Mama Aisyah menyeka keringat di kening Malika. Terlihat matanya berkaca-kaca karena sedih melihat kondisi putrinya seperti ini. Dia selalu panik, cemas, khawatir, dan tidak tenang jika ada keluarganya yang sakit.
"Apa perlu dibawa ke rumah sakit?" tanya Papa Andromeda.
"Tidak perlu, Om. Sepertinya Kak Malika memiliki sebuah beban pikira. Semoga saja Kak Malika cepat sehat kembali." Rania memberikan infus untuk Malika. Dia berharap kondisi sepupunya itu segera membaik.
Malam itu Malika dan keluarganya menginap di rumah Daddy William. Pradipta semakin merasa terasa tidak tenang berada di sana.

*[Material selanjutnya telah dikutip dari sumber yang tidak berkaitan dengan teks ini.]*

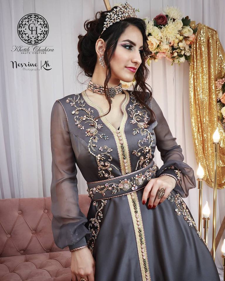 2025 2026 New Arrival Moroccan Caftan Handmade Embellished Embroidery Grey Silk Fabric Casual Wedding Dress Muslim Traditional

Misha menangis ingin menyusu. Namun, Malika masih belum sadar. Untungnya Rania punya stok susu formula milik si triplets. Selain itu, mau menyusu sambil digendong Rania.
Malika terlihat gelisah dalam tidurnya. Mulutnya bergerak lemah dan jika didengarkan baik-baik, akan terdengar suara lirih.
"Pembunuh."
Mama Aisyah masih setia berbaring di samping Malika sambil memeluk dan mengusap kepalanya. Papa Andromeda berbaring di belakang Mama Aisyah dengan tangan menjulur memegang tangan putri kesayangannya. Sementara Pradipta berbaring di lantai beralaskan kasur lantai.
"Pembunuh? Siapa yang dimaksud oleh Malika, ya?" batin Pradipta.